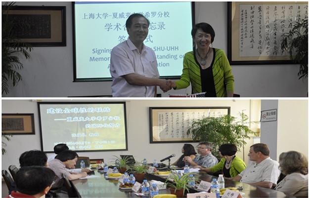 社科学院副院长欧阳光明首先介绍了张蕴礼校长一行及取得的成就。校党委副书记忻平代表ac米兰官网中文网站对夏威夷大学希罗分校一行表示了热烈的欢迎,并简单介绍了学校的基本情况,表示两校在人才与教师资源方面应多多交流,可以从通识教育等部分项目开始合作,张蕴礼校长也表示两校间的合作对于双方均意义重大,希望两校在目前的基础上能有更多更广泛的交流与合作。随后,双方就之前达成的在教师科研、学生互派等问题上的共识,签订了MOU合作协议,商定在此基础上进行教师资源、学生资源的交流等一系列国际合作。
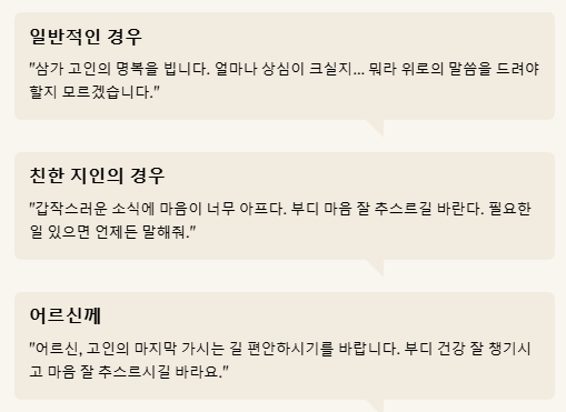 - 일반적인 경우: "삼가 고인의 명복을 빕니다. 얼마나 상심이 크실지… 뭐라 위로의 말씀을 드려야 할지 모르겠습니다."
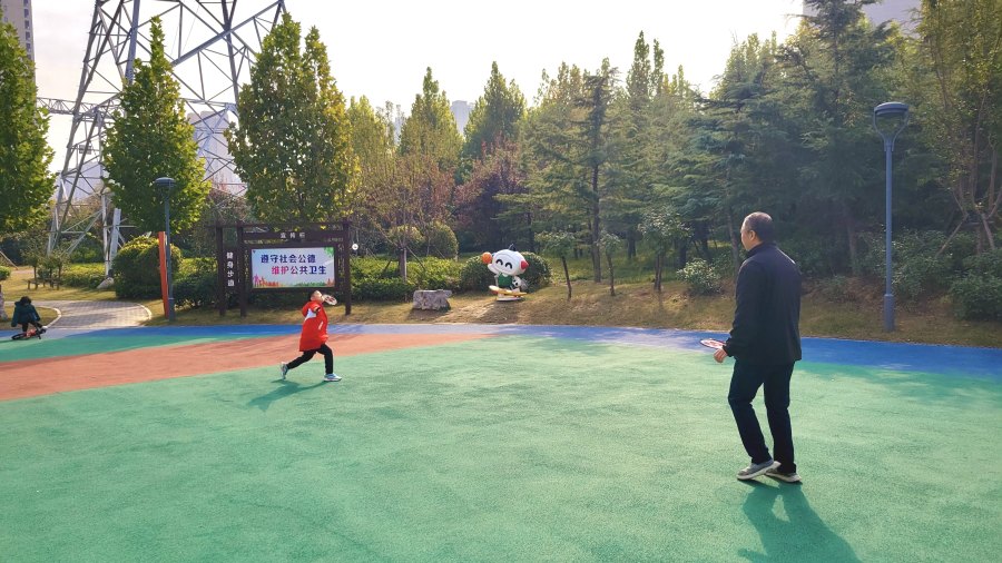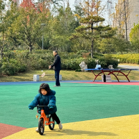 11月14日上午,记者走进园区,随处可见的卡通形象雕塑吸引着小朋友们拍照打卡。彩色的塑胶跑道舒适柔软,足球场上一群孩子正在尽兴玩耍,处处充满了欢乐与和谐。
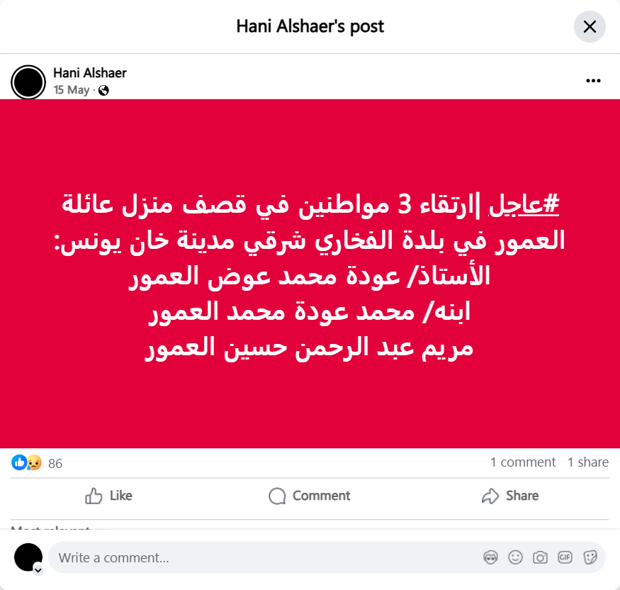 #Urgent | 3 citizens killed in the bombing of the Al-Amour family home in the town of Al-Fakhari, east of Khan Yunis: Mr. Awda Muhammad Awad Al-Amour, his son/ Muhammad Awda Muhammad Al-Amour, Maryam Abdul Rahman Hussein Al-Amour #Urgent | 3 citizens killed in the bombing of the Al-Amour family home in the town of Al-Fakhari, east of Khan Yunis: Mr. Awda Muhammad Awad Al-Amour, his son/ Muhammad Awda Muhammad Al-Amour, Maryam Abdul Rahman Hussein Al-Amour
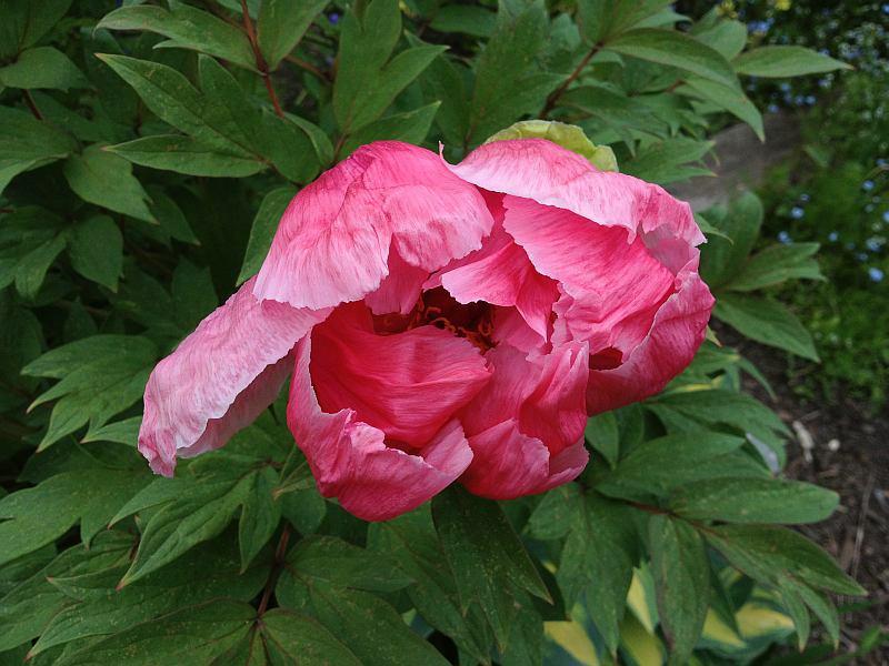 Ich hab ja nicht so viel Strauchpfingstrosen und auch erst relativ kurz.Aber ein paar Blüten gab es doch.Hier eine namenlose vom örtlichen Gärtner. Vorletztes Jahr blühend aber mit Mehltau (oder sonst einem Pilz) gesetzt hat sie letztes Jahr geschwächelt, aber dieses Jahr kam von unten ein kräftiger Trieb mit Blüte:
★ ★ ★ ★ ★
--- YOUR OBJECTIVE ---
Exactly reproduce the lines beginning at the one that contains "고인의 명복을 빕니다." and ending at the final line of the material, with the pictures left out.

--- FINISHED TASK ---
 - 일반적인 경우: "삼가 고인의 명복을 빕니다. 얼마나 상심이 크실지… 뭐라 위로의 말씀을 드려야 할지 모르겠습니다."
 11月14日上午,记者走进园区,随处可见的卡通形象雕塑吸引着小朋友们拍照打卡。彩色的塑胶跑道舒适柔软,足球场上一群孩子正在尽兴玩耍,处处充满了欢乐与和谐。
 #Urgent | 3 citizens killed in the bombing of the Al-Amour family home in the town of Al-Fakhari, east of Khan Yunis: Mr. Awda Muhammad Awad Al-Amour, his son/ Muhammad Awda Muhammad Al-Amour, Maryam Abdul Rahman Hussein Al-Amour #Urgent | 3 citizens killed in the bombing of the Al-Amour family home in the town of Al-Fakhari, east of Khan Yunis: Mr. Awda Muhammad Awad Al-Amour, his son/ Muhammad Awda Muhammad Al-Amour, Maryam Abdul Rahman Hussein Al-Amour
 Ich hab ja nicht so viel Strauchpfingstrosen und auch erst relativ kurz.Aber ein paar Blüten gab es doch.Hier eine namenlose vom örtlichen Gärtner. Vorletztes Jahr blühend aber mit Mehltau (oder sonst einem Pilz) gesetzt hat sie letztes Jahr geschwächelt, aber dieses Jahr kam von unten ein kräftiger Trieb mit Blüte:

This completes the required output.